Wednesday, February 1, 2017

Misbehaved

It has become common for people to react to protests that they disagree with for partisan reasons with the statement: "We didn't behave this way when X happened," or some variation thereof, where X refers to some past event that they have determined is roughly similar to what the current batch of activists are protesting, but went against the critic instead. The idea is that the critic and their faction were more tolerant of political setbacks than their opposition.

This often sparks criticism when it can be shown that there were, in fact, protests of a similar sort when event X happened. And since digital cameras and camera phones have been a thing for nearly the past two decades, there is often an abundance of photographic evidence of that fact. And this triggers that most common of modern political epithets: Liar.

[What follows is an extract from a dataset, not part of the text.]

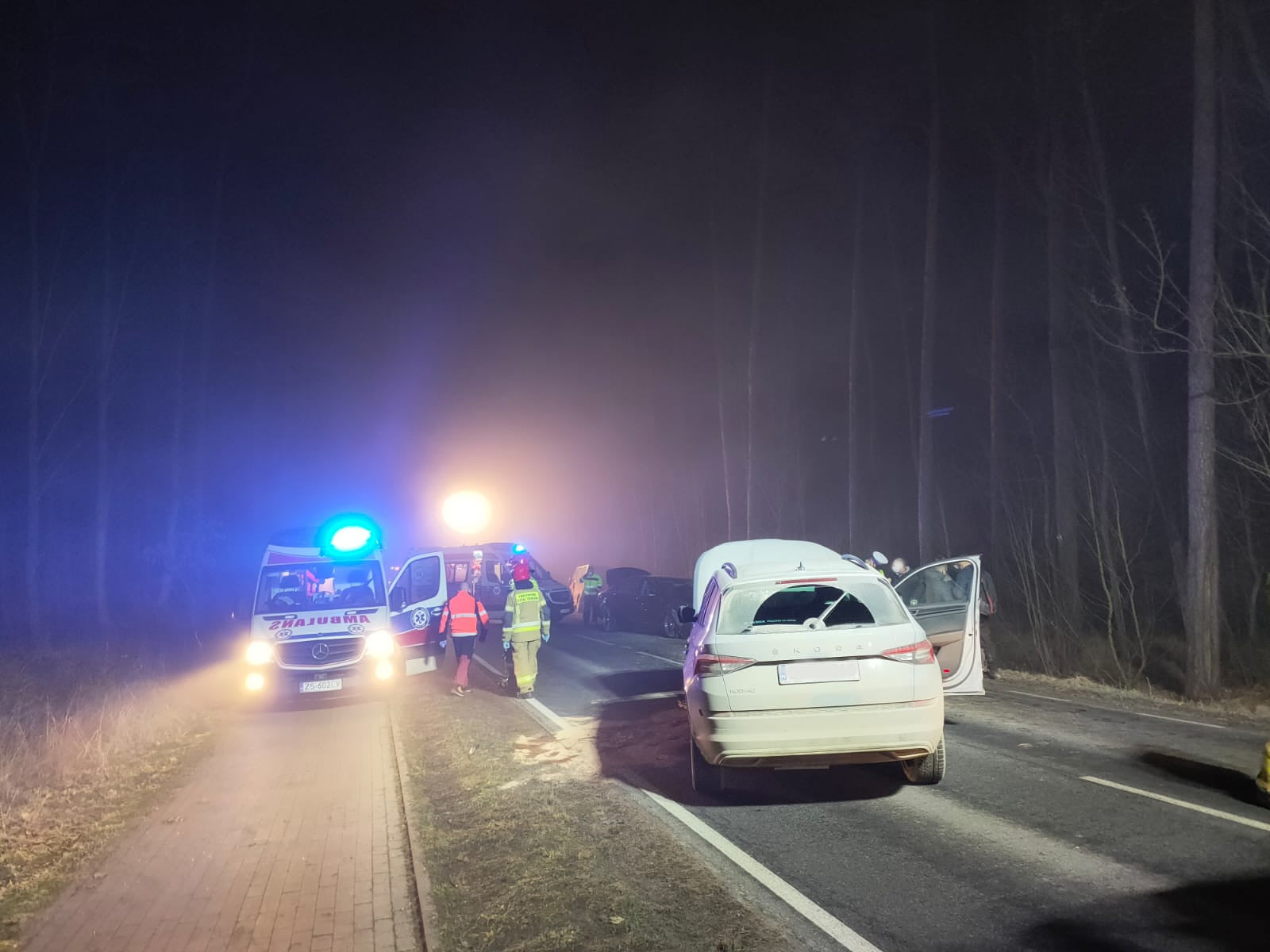 O godz. 18:47 otrzymaliśmy zgłoszenie o wypadku trzech samochodów na DW nr 114 w m. Trzeszczyn. W zdarzeniu brało udział 11 osób, z czego poszkodowanych było 5 osób, w tym 4 obcokrajowców z Korei i obywatel Ukrainy. Na miejscu działały 2. zastępy z JRG Police, 4 karetki pogotowia i Policja.

But I suspect that critics of protests are less likely to be denying the reality of past actions as they are the legitimacy of present ones. Because I'm not sure when people make statements like this, that seems to completely ignore relatively recent history, that they are indulging in a convenient or fabricated amnesia. Instead, they are speaking to the justifications of the parties involved. Although it's relatively easy to delve into the minutiae of a given protest and make points such as whether or not traffic was snarled, windows were broken or rocks were thrown, most "we didn't behave this way" statements and other criticisms don't make the attempt to parse things out that finely. And on social media, a lot of the criticism is directly aimed at the protesters themselves, and attributes to them any number of negative character traits. And so the point becomes not what was done, but whether or not it was justified. And in a partisan era, who is doing something and why they are doing it are often conflated.

What we often tend to think of as ironclad, universal rules are, in practice, riddled with loopholes. After all, "You will not kill," tends to have exceptions for self-defense, defending others, wartime, executions, fleeing felons and anyone sufficiently frightening. And in a society torn by factionalism, we are much more likely to accept a mitigating circumstance when it is offered by someone of our own faction, and see it as deceit in service of excusing murder when offered by someone of an opposing faction. This self-righteousness tends to grow in proportion to the enmity between the factions, as that same enmity tends to push us towards seeing opposing factions as perverse, rather than principled. And this leaves aside the tendency to deliberately shelter our own guilty and prosecute opposing innocent when we seek to make people's understandings match the reality we believe we inhabit.

And in the end, the problem with self-righteousness is that it doesn't tolerate self-reflection very well. We don't like to see ourselves as wrong (let alone perverse), and so we don't step back from our positions far enough to be able to evaluate both them, and our opponents', at once. If something happens that allows us to see others as less wrong without seeing ourselves as more wrong, that might prompt us to accept what others are doing. But if we have to admit to having behaved badly ourselves, we're less likely to want to see others as better than we already do. And so we set ourselves apart from them by claiming that they have done we we would never contemplate.